» **Exercise prompt**
Give back the data in full, with every line exact.

Records from a data collection
******

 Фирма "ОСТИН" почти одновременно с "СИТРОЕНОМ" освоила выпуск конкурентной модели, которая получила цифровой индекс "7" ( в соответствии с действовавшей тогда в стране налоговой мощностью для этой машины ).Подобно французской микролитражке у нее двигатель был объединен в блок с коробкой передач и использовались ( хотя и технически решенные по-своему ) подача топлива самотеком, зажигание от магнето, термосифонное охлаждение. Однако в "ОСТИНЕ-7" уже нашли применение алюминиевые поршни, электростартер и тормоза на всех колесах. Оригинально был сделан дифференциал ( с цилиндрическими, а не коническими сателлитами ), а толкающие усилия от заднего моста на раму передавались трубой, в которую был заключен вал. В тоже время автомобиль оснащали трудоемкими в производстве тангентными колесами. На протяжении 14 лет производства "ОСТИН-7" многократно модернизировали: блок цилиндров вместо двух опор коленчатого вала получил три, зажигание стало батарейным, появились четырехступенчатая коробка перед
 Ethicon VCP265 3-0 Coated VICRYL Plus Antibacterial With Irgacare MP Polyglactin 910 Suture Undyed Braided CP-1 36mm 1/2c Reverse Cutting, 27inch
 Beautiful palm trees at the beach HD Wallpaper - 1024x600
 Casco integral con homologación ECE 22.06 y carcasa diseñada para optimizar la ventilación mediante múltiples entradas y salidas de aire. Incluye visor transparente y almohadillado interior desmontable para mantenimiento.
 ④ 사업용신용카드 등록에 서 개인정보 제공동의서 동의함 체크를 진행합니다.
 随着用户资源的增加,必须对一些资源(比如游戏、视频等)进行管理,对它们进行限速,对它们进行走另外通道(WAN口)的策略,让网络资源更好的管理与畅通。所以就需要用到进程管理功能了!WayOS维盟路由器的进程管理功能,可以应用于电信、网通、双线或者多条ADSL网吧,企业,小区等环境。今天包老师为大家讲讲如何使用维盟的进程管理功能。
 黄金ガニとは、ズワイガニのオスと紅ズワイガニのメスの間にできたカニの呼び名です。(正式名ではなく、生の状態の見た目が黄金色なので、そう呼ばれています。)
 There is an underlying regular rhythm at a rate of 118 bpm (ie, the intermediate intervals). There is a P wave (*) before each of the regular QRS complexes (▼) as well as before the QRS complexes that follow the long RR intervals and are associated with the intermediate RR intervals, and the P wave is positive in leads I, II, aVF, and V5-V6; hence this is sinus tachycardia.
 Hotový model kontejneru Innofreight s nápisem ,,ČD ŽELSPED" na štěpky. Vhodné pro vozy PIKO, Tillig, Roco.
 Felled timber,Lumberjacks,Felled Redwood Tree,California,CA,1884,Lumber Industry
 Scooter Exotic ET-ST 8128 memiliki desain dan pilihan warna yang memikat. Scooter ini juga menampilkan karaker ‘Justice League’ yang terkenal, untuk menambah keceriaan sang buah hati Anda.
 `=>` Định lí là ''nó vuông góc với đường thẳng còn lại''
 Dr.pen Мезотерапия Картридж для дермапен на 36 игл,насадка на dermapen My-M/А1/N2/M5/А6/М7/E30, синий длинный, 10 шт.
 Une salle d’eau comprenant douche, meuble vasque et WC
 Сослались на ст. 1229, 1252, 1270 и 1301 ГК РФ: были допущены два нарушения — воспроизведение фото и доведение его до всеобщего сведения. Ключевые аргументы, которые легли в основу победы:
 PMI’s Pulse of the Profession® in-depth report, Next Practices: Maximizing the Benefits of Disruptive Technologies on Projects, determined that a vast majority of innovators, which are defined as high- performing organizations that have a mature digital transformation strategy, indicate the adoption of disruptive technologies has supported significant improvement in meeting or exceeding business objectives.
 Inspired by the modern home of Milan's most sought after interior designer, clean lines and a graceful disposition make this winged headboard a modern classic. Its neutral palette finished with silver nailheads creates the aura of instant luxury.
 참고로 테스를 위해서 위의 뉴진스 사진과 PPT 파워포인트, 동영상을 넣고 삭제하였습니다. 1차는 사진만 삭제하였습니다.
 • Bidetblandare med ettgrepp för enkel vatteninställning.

******

» **Response to this task**
 Фирма "ОСТИН" почти одновременно с "СИТРОЕНОМ" освоила выпуск конкурентной модели, которая получила цифровой индекс "7" ( в соответствии с действовавшей тогда в стране налоговой мощностью для этой машины ).Подобно французской микролитражке у нее двигатель был объединен в блок с коробкой передач и использовались ( хотя и технически решенные по-своему ) подача топлива самотеком, зажигание от магнето, термосифонное охлаждение. Однако в "ОСТИНЕ-7" уже нашли применение алюминиевые поршни, электростартер и тормоза на всех колесах. Оригинально был сделан дифференциал ( с цилиндрическими, а не коническими сателлитами ), а толкающие усилия от заднего моста на раму передавались трубой, в которую был заключен вал. В тоже время автомобиль оснащали трудоемкими в производстве тангентными колесами. На протяжении 14 лет производства "ОСТИН-7" многократно модернизировали: блок цилиндров вместо двух опор коленчатого вала получил три, зажигание стало батарейным, появились четырехступенчатая коробка перед
 Ethicon VCP265 3-0 Coated VICRYL Plus Antibacterial With Irgacare MP Polyglactin 910 Suture Undyed Braided CP-1 36mm 1/2c Reverse Cutting, 27inch
 Beautiful palm trees at the beach HD Wallpaper - 1024x600
 Casco integral con homologación ECE 22.06 y carcasa diseñada para optimizar la ventilación mediante múltiples entradas y salidas de aire. Incluye visor transparente y almohadillado interior desmontable para mantenimiento.
 ④ 사업용신용카드 등록에 서 개인정보 제공동의서 동의함 체크를 진행합니다.
 随着用户资源的增加,必须对一些资源(比如游戏、视频等)进行管理,对它们进行限速,对它们进行走另外通道(WAN口)的策略,让网络资源更好的管理与畅通。所以就需要用到进程管理功能了!WayOS维盟路由器的进程管理功能,可以应用于电信、网通、双线或者多条ADSL网吧,企业,小区等环境。今天包老师为大家讲讲如何使用维盟的进程管理功能。
 黄金ガニとは、ズワイガニのオスと紅ズワイガニのメスの間にできたカニの呼び名です。(正式名ではなく、生の状態の見た目が黄金色なので、そう呼ばれています。)
 There is an underlying regular rhythm at a rate of 118 bpm (ie, the intermediate intervals). There is a P wave (*) before each of the regular QRS complexes (▼) as well as before the QRS complexes that follow the long RR intervals and are associated with the intermediate RR intervals, and the P wave is positive in leads I, II, aVF, and V5-V6; hence this is sinus tachycardia.
 Hotový model kontejneru Innofreight s nápisem ,,ČD ŽELSPED" na štěpky. Vhodné pro vozy PIKO, Tillig, Roco.
 Felled timber,Lumberjacks,Felled Redwood Tree,California,CA,1884,Lumber Industry
 Scooter Exotic ET-ST 8128 memiliki desain dan pilihan warna yang memikat. Scooter ini juga menampilkan karaker ‘Justice League’ yang terkenal, untuk menambah keceriaan sang buah hati Anda.
 `=>` Định lí là ''nó vuông góc với đường thẳng còn lại''
 Dr.pen Мезотерапия Картридж для дермапен на 36 игл,насадка на dermapen My-M/А1/N2/M5/А6/М7/E30, синий длинный, 10 шт.
 Une salle d’eau comprenant douche, meuble vasque et WC
 Сослались на ст. 1229, 1252, 1270 и 1301 ГК РФ: были допущены два нарушения — воспроизведение фото и доведение его до всеобщего сведения. Ключевые аргументы, которые легли в основу победы:
 PMI’s Pulse of the Profession® in-depth report, Next Practices: Maximizing the Benefits of Disruptive Technologies on Projects, determined that a vast majority of innovators, which are defined as high- performing organizations that have a mature digital transformation strategy, indicate the adoption of disruptive technologies has supported significant improvement in meeting or exceeding business objectives.
 Inspired by the modern home of Milan's most sought after interior designer, clean lines and a graceful disposition make this winged headboard a modern classic. Its neutral palette finished with silver nailheads creates the aura of instant luxury.
 참고로 테스를 위해서 위의 뉴진스 사진과 PPT 파워포인트, 동영상을 넣고 삭제하였습니다. 1차는 사진만 삭제하였습니다.
 • Bidetblandare med ettgrepp för enkel vatteninställning.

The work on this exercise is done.